Those of us of a certain age remember well the Berlin Wall and what it stood for and probably still remember when it was torn down in 1989. Those of you who are younger may never heard of it. If not, it is worth an internet search.
The kit has already been reviewed here and a very nice job was done so I went for a less weathered look, partly to be different and partly because I haven’t decided how I want to display it yet. It yearns for a vignette or diorama setting.
The build is pretty simple. There are 3 sections of wall each made up of 3 parts. There are also 3 pieces to place on top of the wall though only 2 are needed for the 3-piece section.
When completed the section is just over 4 inches long, 4 inches high and almost 2 and a half inches wide.
The parts fill together well and no putty was needed. A quick spray with some rattle can grey and a gloss coat and you are ready for the decals.
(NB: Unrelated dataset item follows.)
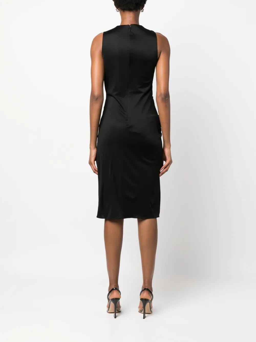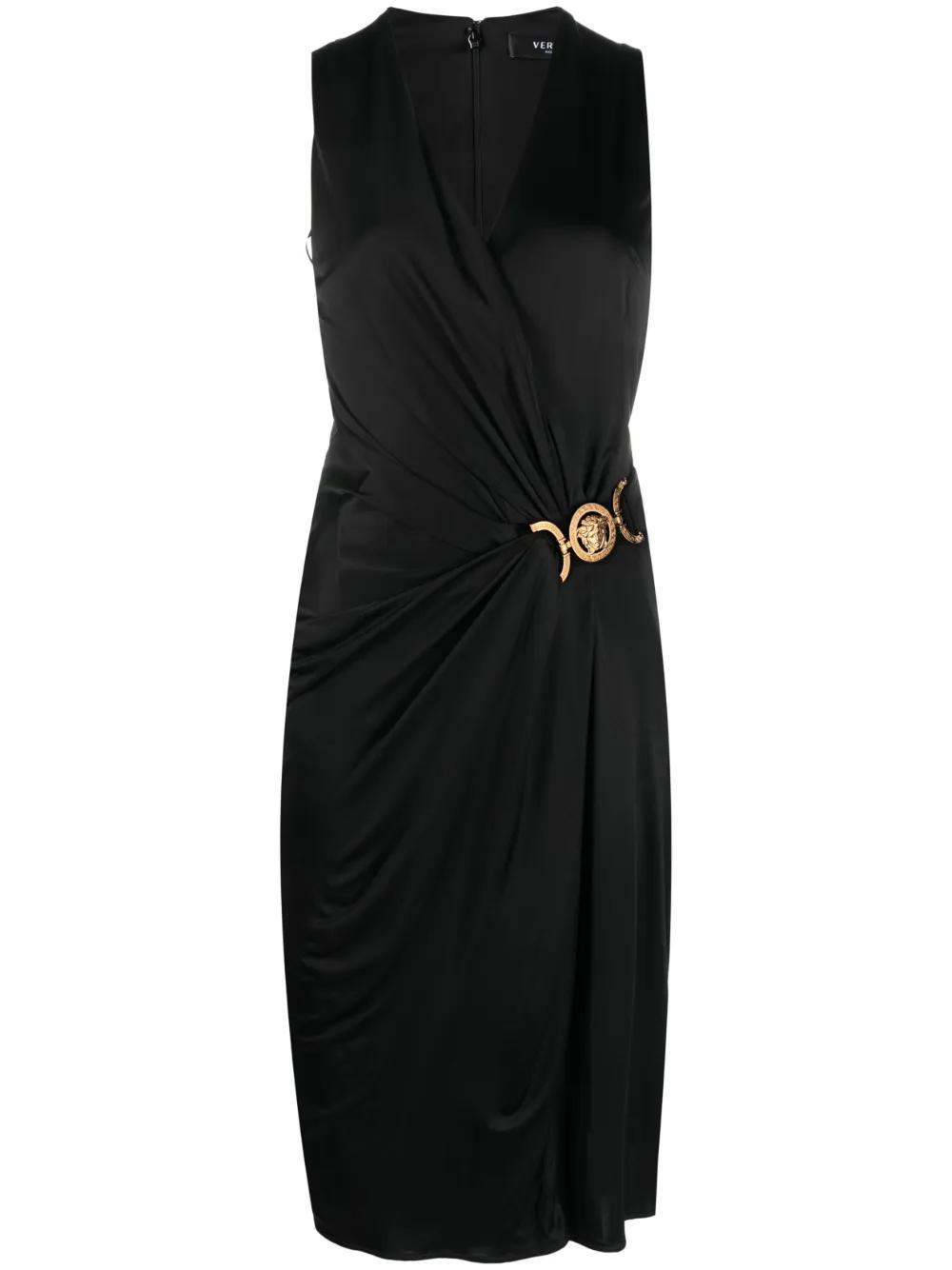 black stretch-design Medusa plaque detail gathered detailing pleat detailing V-neck sleeveless knee-length straight hem

There are a lot of decals.
The wall was well decorated on the Western side and AFV Club provides a large decal sheet with multiple graffiti and written statements to decorate your wall as you see fit. I Googled for pics of the wall to get an idea for decal placement but the only decal I found in a picture was the blue guy who was part of an artist’s job after the wall came down. Since I couldn’t find anything else that seemed to match up, I just went with a small assortment. I can always add more later when I get to the display part.
Besides the historical significance of this model the other fun factor is the numerous display options you can do with it. Use whatever decals you want or if you are proficient with an airbrush, make your own. You can combine multiple kits together to get a longer stretch of wall and use it as a backdrop for a vehicle. If you are skilled enough you can also use it as a basis for the wall being torn down.
I really enjoyed this and am now on the lookout for a couple teens with spray cans as depicted in the box artwork.
Thanks to AFV Club and IPMS/USA for the review kit.